Data below:

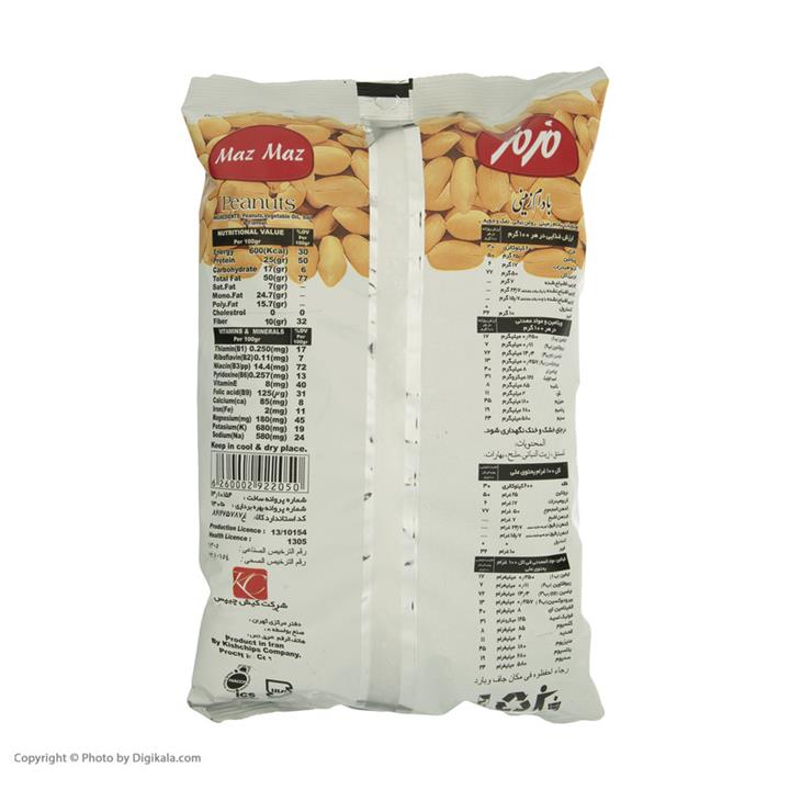 مشخصات فنی بادام زمینی مزمز مقدار 400 گرم
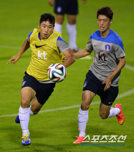 | 2014 브라질월드컵 대표팀이 12일 오전(한국시간) 브라질 캠프인 이구아수의 플라멩고 스타디움에 도착해 첫 훈련에 돌입했다. 이근호와 이청용이 패스훈련에 열중하고 있다. 이구아수(브라질)=최문영 기자 deer@sportschosun.com /2014.06.12/ |
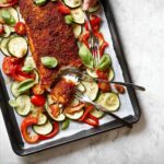 This Mediterranean Baked Salmon recipe features a flavorful tomato paste and herb topping baked to perfection alongside vibrant roasted red peppers, zucchini, and cherry tomatoes. It’s a simple, healthy, and colorful dish that’s perfect for a quick weeknight dinner or a special occasion.

Prompt: A verbatim copy of the listing, with all pictures removed, is required.

Worked solution:
 مشخصات فنی بادام زمینی مزمز مقدار 400 گرم
 | 2014 브라질월드컵 대표팀이 12일 오전(한국시간) 브라질 캠프인 이구아수의 플라멩고 스타디움에 도착해 첫 훈련에 돌입했다. 이근호와 이청용이 패스훈련에 열중하고 있다. 이구아수(브라질)=최문영 기자 deer@sportschosun.com /2014.06.12/ |
 This Mediterranean Baked Salmon recipe features a flavorful tomato paste and herb topping baked to perfection alongside vibrant roasted red peppers, zucchini, and cherry tomatoes. It’s a simple, healthy, and colorful dish that’s perfect for a quick weeknight dinner or a special occasion.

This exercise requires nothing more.